→ **Task**: Any image in the records should be left out; output everything else exactly.

··· Recorded data

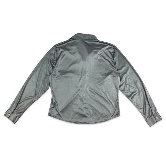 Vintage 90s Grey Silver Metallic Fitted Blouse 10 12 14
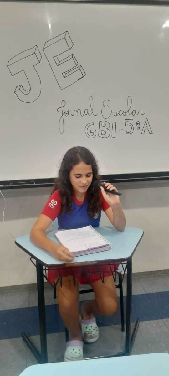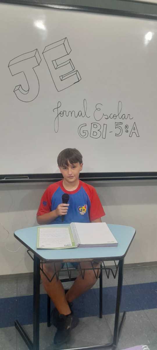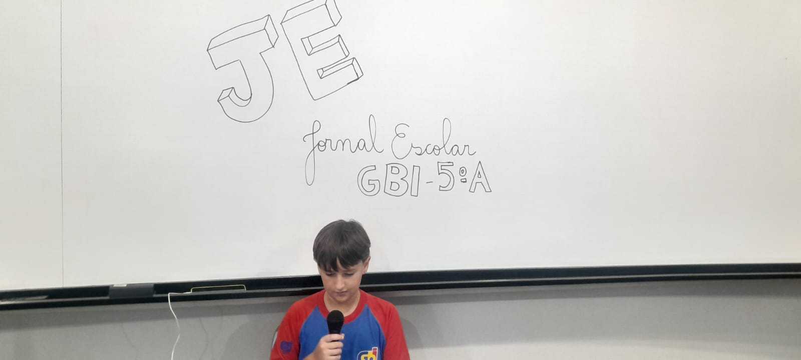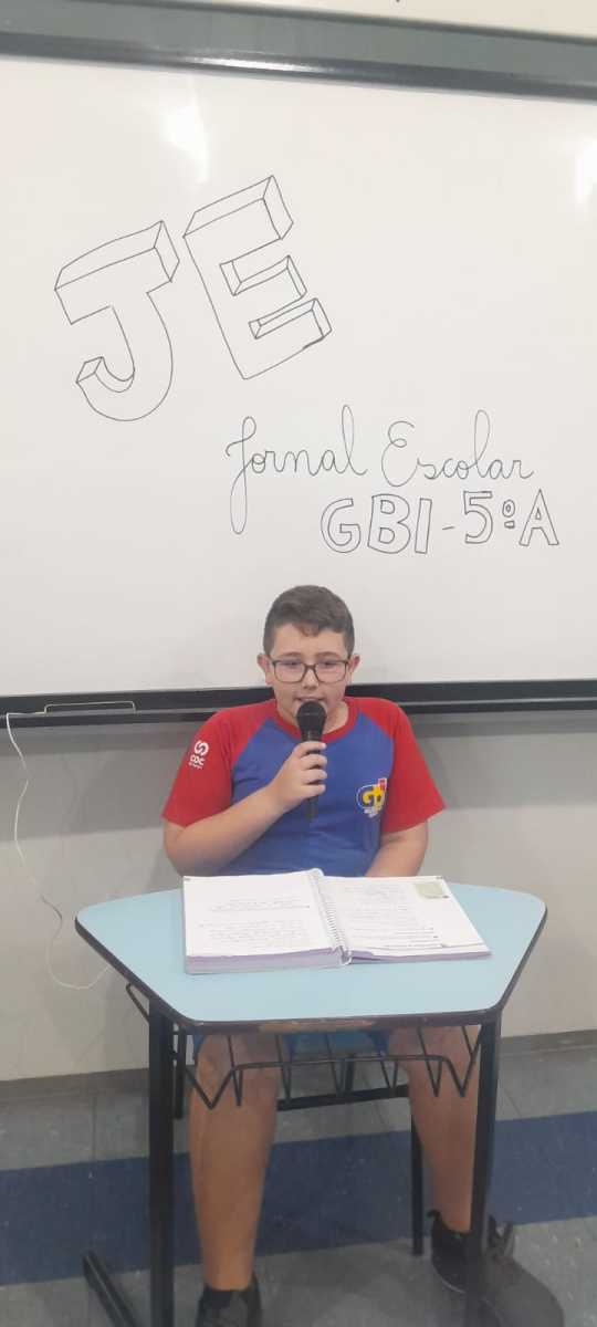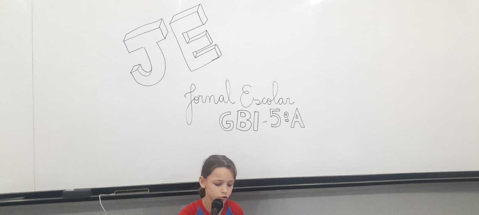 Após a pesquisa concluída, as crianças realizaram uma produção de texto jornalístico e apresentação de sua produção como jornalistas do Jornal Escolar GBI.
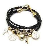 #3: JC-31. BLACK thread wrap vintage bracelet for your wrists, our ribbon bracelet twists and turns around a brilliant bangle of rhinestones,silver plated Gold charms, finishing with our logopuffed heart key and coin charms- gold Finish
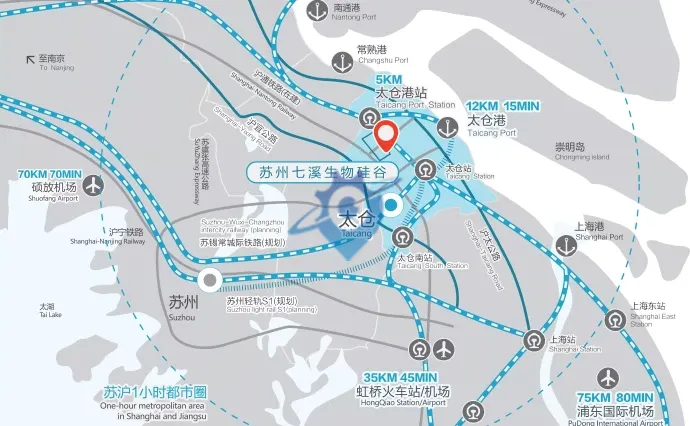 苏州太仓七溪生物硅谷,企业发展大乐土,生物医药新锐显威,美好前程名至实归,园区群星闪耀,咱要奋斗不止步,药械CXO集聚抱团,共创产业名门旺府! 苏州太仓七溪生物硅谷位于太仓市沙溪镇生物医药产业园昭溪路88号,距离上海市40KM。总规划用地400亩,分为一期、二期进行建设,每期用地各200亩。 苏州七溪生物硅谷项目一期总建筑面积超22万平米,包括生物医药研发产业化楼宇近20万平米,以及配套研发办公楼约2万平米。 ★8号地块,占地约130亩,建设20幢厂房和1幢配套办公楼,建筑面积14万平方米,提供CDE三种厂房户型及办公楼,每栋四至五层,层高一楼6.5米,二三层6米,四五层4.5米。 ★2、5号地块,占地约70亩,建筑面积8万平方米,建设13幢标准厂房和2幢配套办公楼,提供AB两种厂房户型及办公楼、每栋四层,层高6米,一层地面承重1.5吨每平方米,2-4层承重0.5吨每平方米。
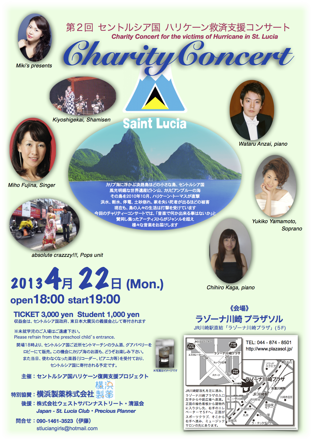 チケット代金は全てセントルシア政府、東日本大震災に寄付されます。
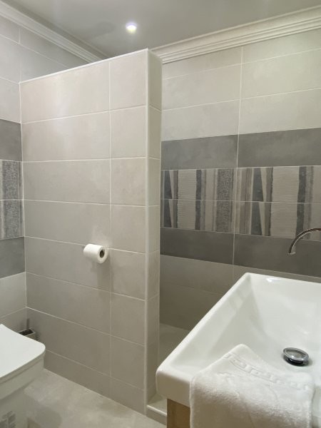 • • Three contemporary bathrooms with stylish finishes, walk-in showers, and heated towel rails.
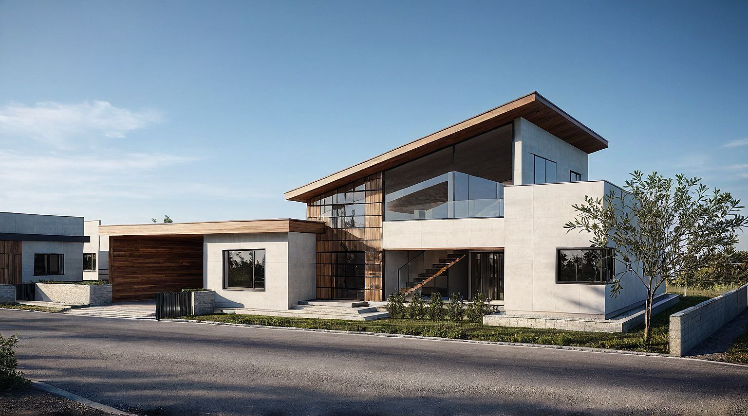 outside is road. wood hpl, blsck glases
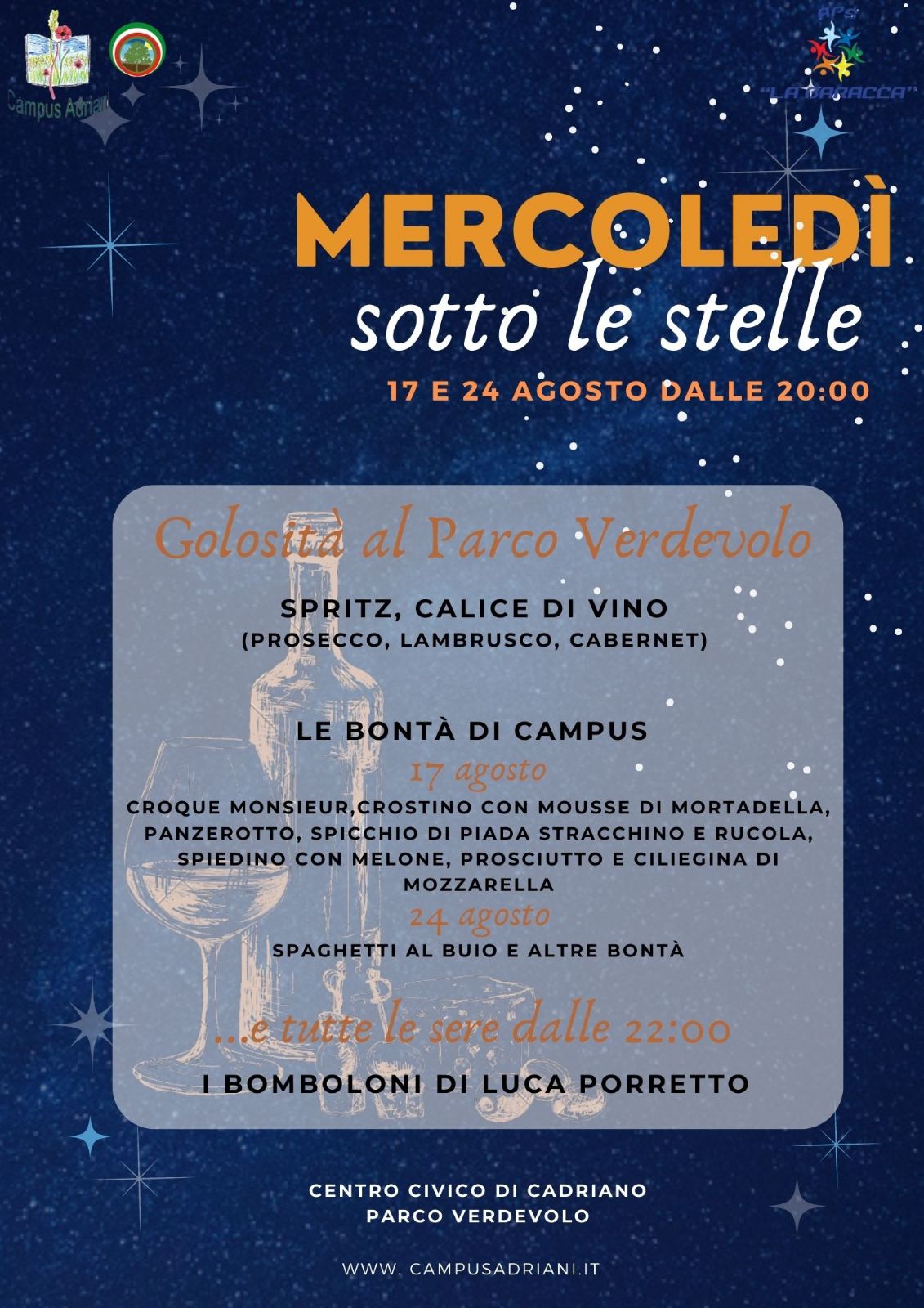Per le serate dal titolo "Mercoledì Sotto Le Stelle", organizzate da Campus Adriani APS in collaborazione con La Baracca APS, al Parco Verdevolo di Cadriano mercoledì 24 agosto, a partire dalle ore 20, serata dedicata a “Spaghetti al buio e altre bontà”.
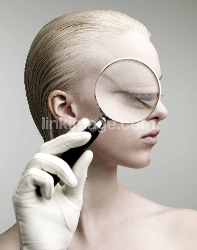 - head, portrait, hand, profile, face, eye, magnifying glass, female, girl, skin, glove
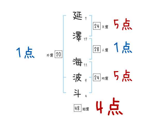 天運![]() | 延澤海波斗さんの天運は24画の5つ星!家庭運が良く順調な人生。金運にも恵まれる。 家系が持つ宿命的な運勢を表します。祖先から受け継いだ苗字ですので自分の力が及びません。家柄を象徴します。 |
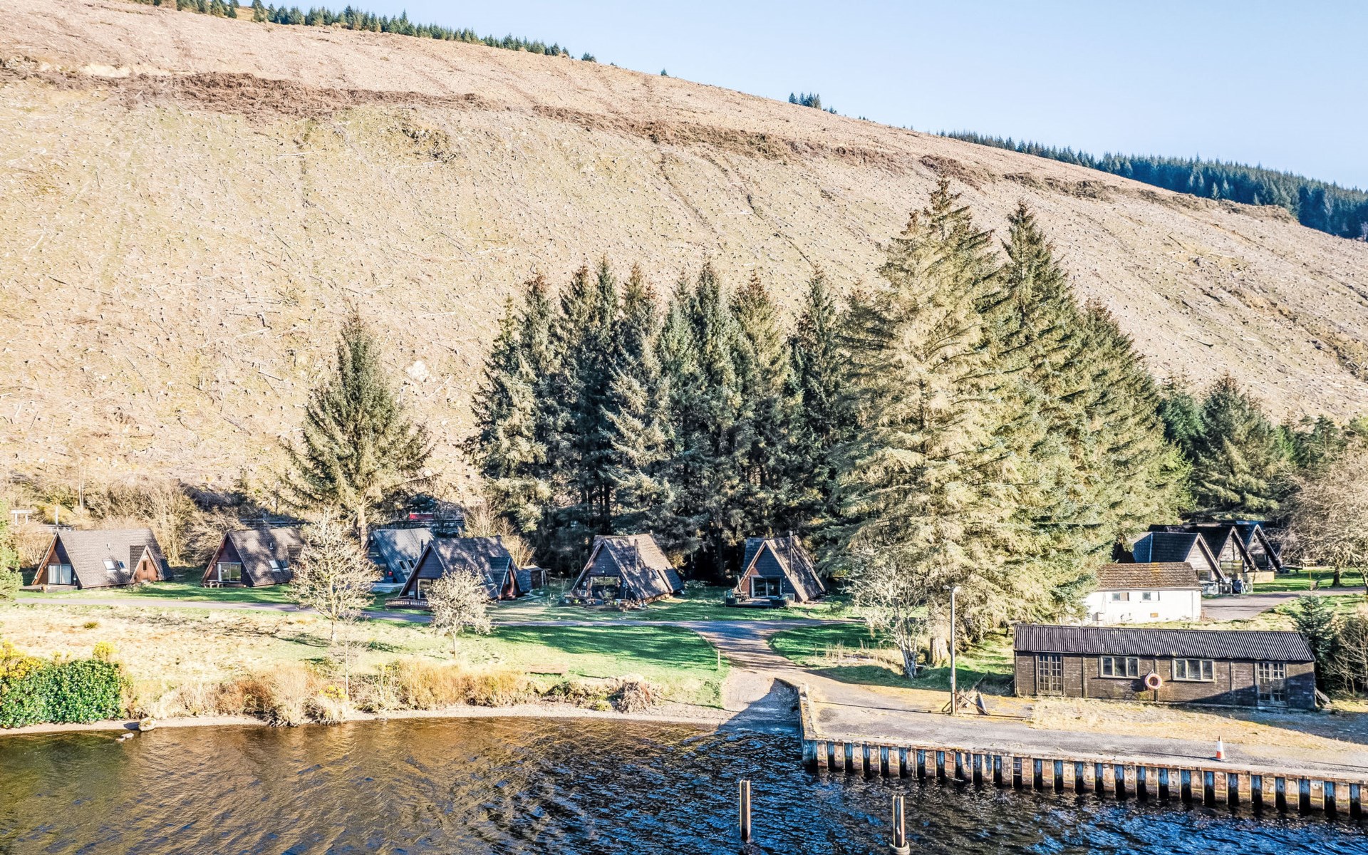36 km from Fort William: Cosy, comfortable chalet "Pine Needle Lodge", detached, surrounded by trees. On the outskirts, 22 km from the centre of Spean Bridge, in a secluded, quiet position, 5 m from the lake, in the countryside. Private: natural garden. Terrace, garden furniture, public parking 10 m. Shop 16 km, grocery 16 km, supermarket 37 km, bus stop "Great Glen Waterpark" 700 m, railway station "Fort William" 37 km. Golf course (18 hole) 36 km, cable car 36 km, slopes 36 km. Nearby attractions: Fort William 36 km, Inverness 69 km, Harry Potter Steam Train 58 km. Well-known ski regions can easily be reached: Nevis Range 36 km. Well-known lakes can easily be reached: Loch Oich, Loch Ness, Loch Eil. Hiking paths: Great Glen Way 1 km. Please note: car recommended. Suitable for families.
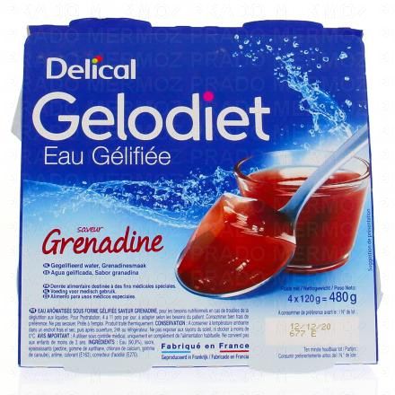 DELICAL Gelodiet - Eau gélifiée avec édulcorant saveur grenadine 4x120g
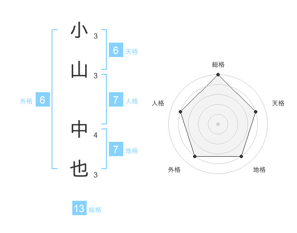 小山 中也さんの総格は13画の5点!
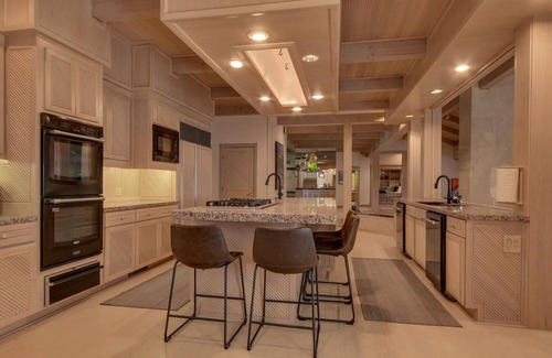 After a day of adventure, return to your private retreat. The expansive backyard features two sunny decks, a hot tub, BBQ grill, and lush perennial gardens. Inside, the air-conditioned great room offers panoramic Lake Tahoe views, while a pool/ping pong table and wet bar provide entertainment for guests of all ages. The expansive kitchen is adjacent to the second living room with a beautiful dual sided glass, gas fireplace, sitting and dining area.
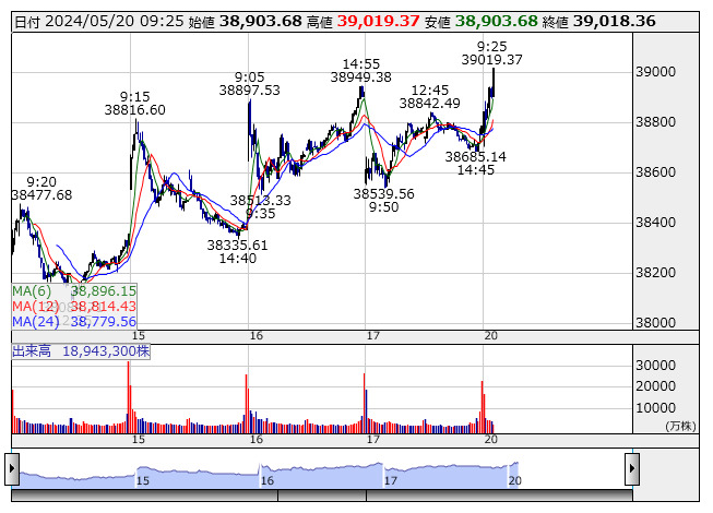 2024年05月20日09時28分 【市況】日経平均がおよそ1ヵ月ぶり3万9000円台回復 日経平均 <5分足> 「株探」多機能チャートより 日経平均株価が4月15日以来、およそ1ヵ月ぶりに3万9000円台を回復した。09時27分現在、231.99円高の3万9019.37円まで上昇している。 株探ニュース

······

→ **Written answer**:
 Vintage 90s Grey Silver Metallic Fitted Blouse 10 12 14
 Após a pesquisa concluída, as crianças realizaram uma produção de texto jornalístico e apresentação de sua produção como jornalistas do Jornal Escolar GBI.
 #3: JC-31. BLACK thread wrap vintage bracelet for your wrists, our ribbon bracelet twists and turns around a brilliant bangle of rhinestones,silver plated Gold charms, finishing with our logopuffed heart key and coin charms- gold Finish
 苏州太仓七溪生物硅谷,企业发展大乐土,生物医药新锐显威,美好前程名至实归,园区群星闪耀,咱要奋斗不止步,药械CXO集聚抱团,共创产业名门旺府! 苏州太仓七溪生物硅谷位于太仓市沙溪镇生物医药产业园昭溪路88号,距离上海市40KM。总规划用地400亩,分为一期、二期进行建设,每期用地各200亩。 苏州七溪生物硅谷项目一期总建筑面积超22万平米,包括生物医药研发产业化楼宇近20万平米,以及配套研发办公楼约2万平米。 ★8号地块,占地约130亩,建设20幢厂房和1幢配套办公楼,建筑面积14万平方米,提供CDE三种厂房户型及办公楼,每栋四至五层,层高一楼6.5米,二三层6米,四五层4.5米。 ★2、5号地块,占地约70亩,建筑面积8万平方米,建设13幢标准厂房和2幢配套办公楼,提供AB两种厂房户型及办公楼、每栋四层,层高6米,一层地面承重1.5吨每平方米,2-4层承重0.5吨每平方米。
 チケット代金は全てセントルシア政府、東日本大震災に寄付されます。
 • • Three contemporary bathrooms with stylish finishes, walk-in showers, and heated towel rails.
 outside is road. wood hpl, blsck glases
Per le serate dal titolo "Mercoledì Sotto Le Stelle", organizzate da Campus Adriani APS in collaborazione con La Baracca APS, al Parco Verdevolo di Cadriano mercoledì 24 agosto, a partire dalle ore 20, serata dedicata a “Spaghetti al buio e altre bontà”.
 - head, portrait, hand, profile, face, eye, magnifying glass, female, girl, skin, glove
 天運![]() | 延澤海波斗さんの天運は24画の5つ星!家庭運が良く順調な人生。金運にも恵まれる。 家系が持つ宿命的な運勢を表します。祖先から受け継いだ苗字ですので自分の力が及びません。家柄を象徴します。 |
36 km from Fort William: Cosy, comfortable chalet "Pine Needle Lodge", detached, surrounded by trees. On the outskirts, 22 km from the centre of Spean Bridge, in a secluded, quiet position, 5 m from the lake, in the countryside. Private: natural garden. Terrace, garden furniture, public parking 10 m. Shop 16 km, grocery 16 km, supermarket 37 km, bus stop "Great Glen Waterpark" 700 m, railway station "Fort William" 37 km. Golf course (18 hole) 36 km, cable car 36 km, slopes 36 km. Nearby attractions: Fort William 36 km, Inverness 69 km, Harry Potter Steam Train 58 km. Well-known ski regions can easily be reached: Nevis Range 36 km. Well-known lakes can easily be reached: Loch Oich, Loch Ness, Loch Eil. Hiking paths: Great Glen Way 1 km. Please note: car recommended. Suitable for families.
 DELICAL Gelodiet - Eau gélifiée avec édulcorant saveur grenadine 4x120g
 小山 中也さんの総格は13画の5点!
 After a day of adventure, return to your private retreat. The expansive backyard features two sunny decks, a hot tub, BBQ grill, and lush perennial gardens. Inside, the air-conditioned great room offers panoramic Lake Tahoe views, while a pool/ping pong table and wet bar provide entertainment for guests of all ages. The expansive kitchen is adjacent to the second living room with a beautiful dual sided glass, gas fireplace, sitting and dining area.
 2024年05月20日09時28分 【市況】日経平均がおよそ1ヵ月ぶり3万9000円台回復 日経平均 <5分足> 「株探」多機能チャートより 日経平均株価が4月15日以来、およそ1ヵ月ぶりに3万9000円台を回復した。09時27分現在、231.99円高の3万9019.37円まで上昇している。 株探ニュース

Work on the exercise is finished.